JOMS study: IV acetaminophen use results in no significant pain decrease in wisdom teeth patients
ROSEMONT, Ill. – Intravenous acetaminophen is not recommended to relieve pain after surgery in patients who have their wisdom teeth extracted, according to a new study.
However, this medication can be an additional resource for minimizing pain after surgery based on other studies indicating its effectiveness, researchers wrote in the study published in the July issue of the Journal of Oral and Maxillofacial Surgery – the official journal of the American Association of Oral and Maxillofacial Surgeons (AAOMS).
For the randomized, double-blind study, 72 patients diagnosed with partially erupted (partial bony) or not erupted (complete bony) impacted wisdom teeth were selected – 35 were in the group that received acetaminophen, and the others were in the placebo group.
Patients received a 15-minute infusion of acetaminophen or the placebo after surgery. The participants also received “standard-of-care” anesthetic drugs for wisdom teeth extraction and an inferior alveolar nerve block or local infiltration to numb the area. Using a 0-10 numerical rating scale, the participants were asked to rate their pain immediately after the procedure, and then again by phone four and 24 hours after surgery.

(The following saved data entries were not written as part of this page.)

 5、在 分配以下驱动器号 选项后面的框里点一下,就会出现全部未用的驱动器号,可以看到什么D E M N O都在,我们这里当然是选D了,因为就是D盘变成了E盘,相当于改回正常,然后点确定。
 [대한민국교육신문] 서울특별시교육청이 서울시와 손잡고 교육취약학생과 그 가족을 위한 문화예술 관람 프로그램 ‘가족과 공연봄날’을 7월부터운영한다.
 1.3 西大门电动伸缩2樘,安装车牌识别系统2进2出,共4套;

Researchers found “no statistically significant” decrease in pain in patients who received IV acetaminophen immediately, four hours or 24 hours after surgery. Immediately after surgery, both groups had a median pain score of zero, likely showing the anesthetic’s continuous effect and the block placement’s effectiveness in most patients, researchers concluded. In addition, with its quicker onset, the IV acetaminophen likely took effect before the block wore off, the study notes.

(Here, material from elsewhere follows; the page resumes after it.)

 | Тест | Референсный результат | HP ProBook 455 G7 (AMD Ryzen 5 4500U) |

Researchers also found the median pain in both groups was 6.0 four hours after surgery, indicating pain intensified as the block wore off. A day after surgery, the average pain score was 3.8 in the acetaminophen group compared to 4.1 in the placebo group, as pain control improved in both groups, researchers wrote.
“Given our findings, continued research is necessary to examine ways to minimize postoperative pain after third molar extractions while minimizing potentially harmful side effects,” researchers wrote. “Future avenues of study looking at acetaminophen could examine the effect of preoperative acetaminophen and perform comparisons of oral and IV acetaminophen and scheduled oral acetaminophen postoperatively to optimize pain control and reduce opioid use in third molar extractions.”
Other studies have found that oral administration of acetaminophen resulted in significantly reduced pain after surgery, and IV acetaminophen and morphine are more effective than placebo for relieving pain, though acetaminophen is safer, researchers wrote.
The authors of “Use of Intravenous Acetaminophen in Postoperative Pain Management After Partial and Full Bony Impacted Third Molar Extractions: A Randomized Double-Blind Controlled Trial” are from the Department of Oral and Maxillofacial Surgery, School of Dental Medicine, Case Western Reserve University, Cleveland, Ohio: Isabel Atencio, DDS; Max Beushausen, DMD, MD; Andres Flores-Hidalgo, DDS; and Dale A. Baur, DDS, MD; and from the School of Dental Medicine, Case Western Reserve University: Nora Fitzgerald; and from the Department of Anesthesiology, Perioperative and Pain Medicine, School of Medicine, Stanford University, Stanford, Calif.: John J. Kowalczyk, MD.